Thermal power station
- Primary fuel: Waste

Power generation
- Nameplate capacity: 19 MW;

External links
- Website: www.southdowns.veolia.co.uk/facilities/newhaven-energy-recovery-facility

= Newhaven ERF =

Waste-to-energy plant in East Sussex, England

The Newhaven ERF (Energy Recovery Facility) is an incinerator, in the town of Newhaven in the English county of East Sussex, for the treatment of up to 210,000 tonnes per annum of the county's municipal solid waste. The facility, built by Veolia Environmental Services, was approved by planners at the Conservative-controlled East Sussex County Council.

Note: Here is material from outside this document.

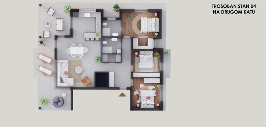 Stan je izvrstan izbor za kupce koji žele nešto više — penthouse s nadstandardnom kvadraturom, vrhunskim rasporedom, tri spavaće sobe i velikim terasama, idealan za luksuzni odmor, stalni boravak ili kao promišljena investicija.
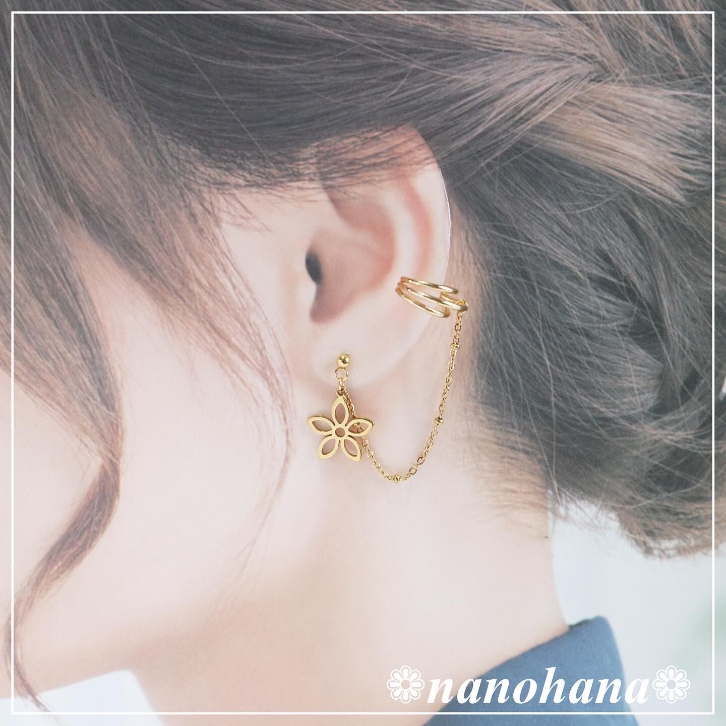 ステンレスフラワーが可愛らしいピアスとイヤーカフです。

The facility treats household waste that cannot be reused, composted or recycled and generates electricity from it. The electricity produced is sold to the National Grid and is enough to supply 25,000 homes. 88 tonnes of steam are produced per hour which is used to turn the generator and create electricity; the steam is cooled back into water and reused in a closed loop system.

==Construction==
Construction of the facility began in April 2008 and was completed in late 2011. The facility became operational in 2012. The building itself is 24 m tall, but the chimneys are 65 m tall. It is the first of its kind to be built in the South Downs area and cost around £175 million to complete, including a unique ‘floating caisson’ which was used to house 20 metres of the plant underground and reduce the proposed height to meet planning requirements.